Discovery of a rare gene that causes neonatal diabetes – international study
In a groundbreaking medical achievement, an international research team from the University of Exeter in the UK and the Free University of Brussels has successfully identified a rare and previously unknown genetic variant of diabetes affecting newborns. This discovery sheds light on a defect in a specific gene that directly and fundamentally impacts the body's ability to produce insulin, opening new avenues for understanding the biology of this complex disease.
Details of the discovery and the causative gene
Researchers, in a study published on SciTechDaily, explained that genetic changes in a gene known as TMEM167A are the primary cause of this rare form of neonatal diabetes. Symptoms of this disease typically appear within the first six months of a child's life. The study involved a detailed examination of six children who had been diagnosed with diabetes at birth, along with accompanying neurological disorders, most notably epilepsy and microcephaly. Advanced genetic analysis confirmed that all of these children shared mutations within the same gene, underscoring its crucial role in the development of this complex condition.
Advanced technologies reveal the mechanism of the disease
To understand how this gene works, scientists used advanced laboratory techniques, including stem cell therapy and the gene-editing technology known as CRISPR, to mimic the disease in vitro. The results showed that the absence of function in the TMEM167A gene leads to a state of "chronic cellular stress," which ultimately results in the death of beta cells in the pancreas—the cells responsible for insulin production—thus explaining the body's inability to regulate blood sugar levels.
Disease context and the importance of genetic diagnosis
Neonatal diabetes is a rare condition, radically different from type 1 diabetes in older children, as it is often caused by a monogenic mutation in a single gene rather than an autoimmune reaction. The significance of this discovery lies in the fact that it provides a clear explanation for families of affected children who have suffered for years from the ambiguity of the diagnosis, especially given the accompanying neurological symptoms that have complicated the medical picture.

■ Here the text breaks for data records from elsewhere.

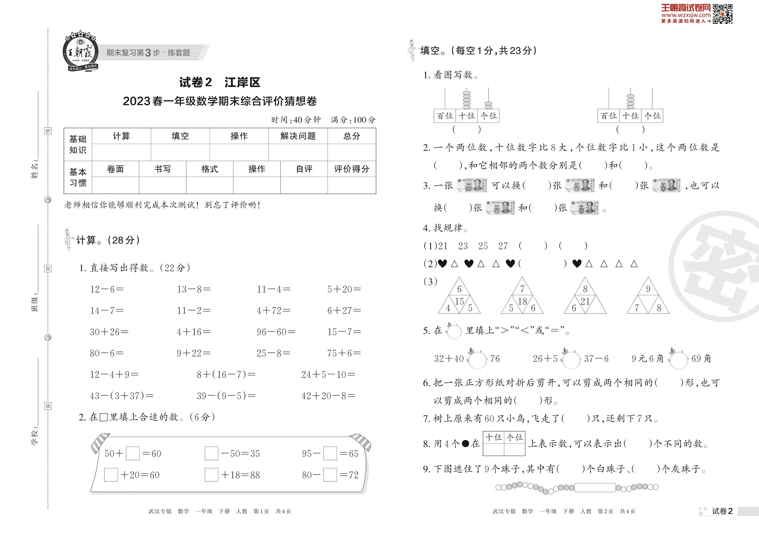 江岸区2023春一年级数学期末综合评价猜想卷(人教版)【2】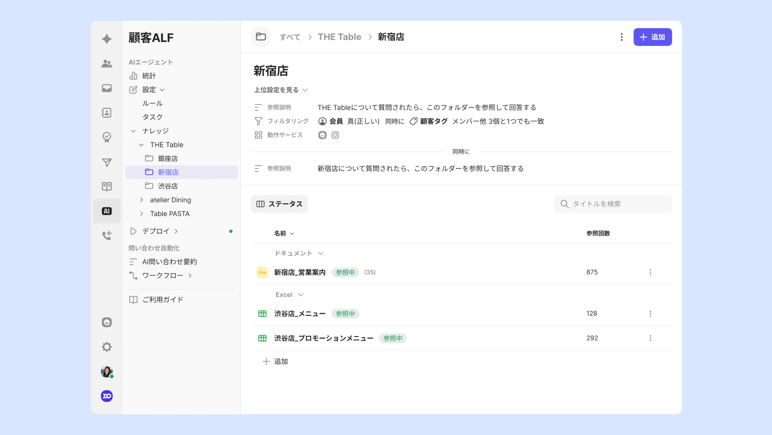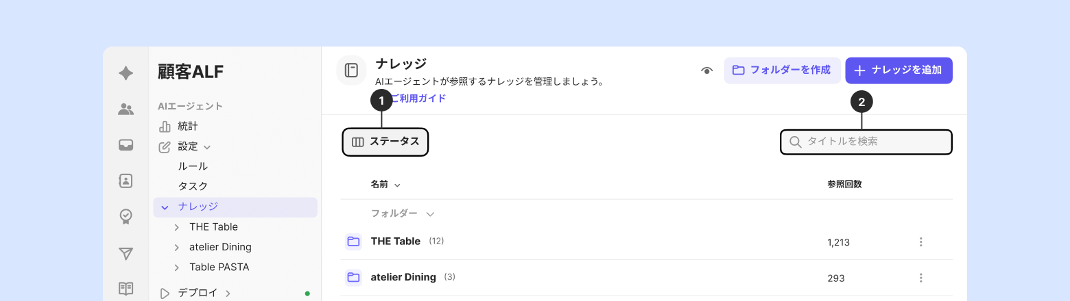 各フォルダーでは、参照説明を作成したり、フィルタリング条件を設定して、状況ごとに異なるナレッジを参照するように制御できます。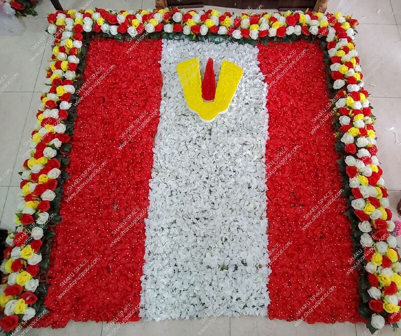 Sharu Space Artificial Red and White Flower Mat Combo

Future impact and global burden
The research team confirmed that this discovery represents a pivotal step towards understanding the precise biological mechanisms of human beta cells. This model offers an opportunity to develop more accurate diagnostic strategies and treatments in the future, falling under the umbrella of "precision medicine." This comes at a time when World Health Organization statistics indicate that diabetes affects approximately 589 million people worldwide, with more than 85% of neonatal diabetes cases specifically attributable to inherited genetic mutations, making genetic research a cornerstone in addressing this health challenge.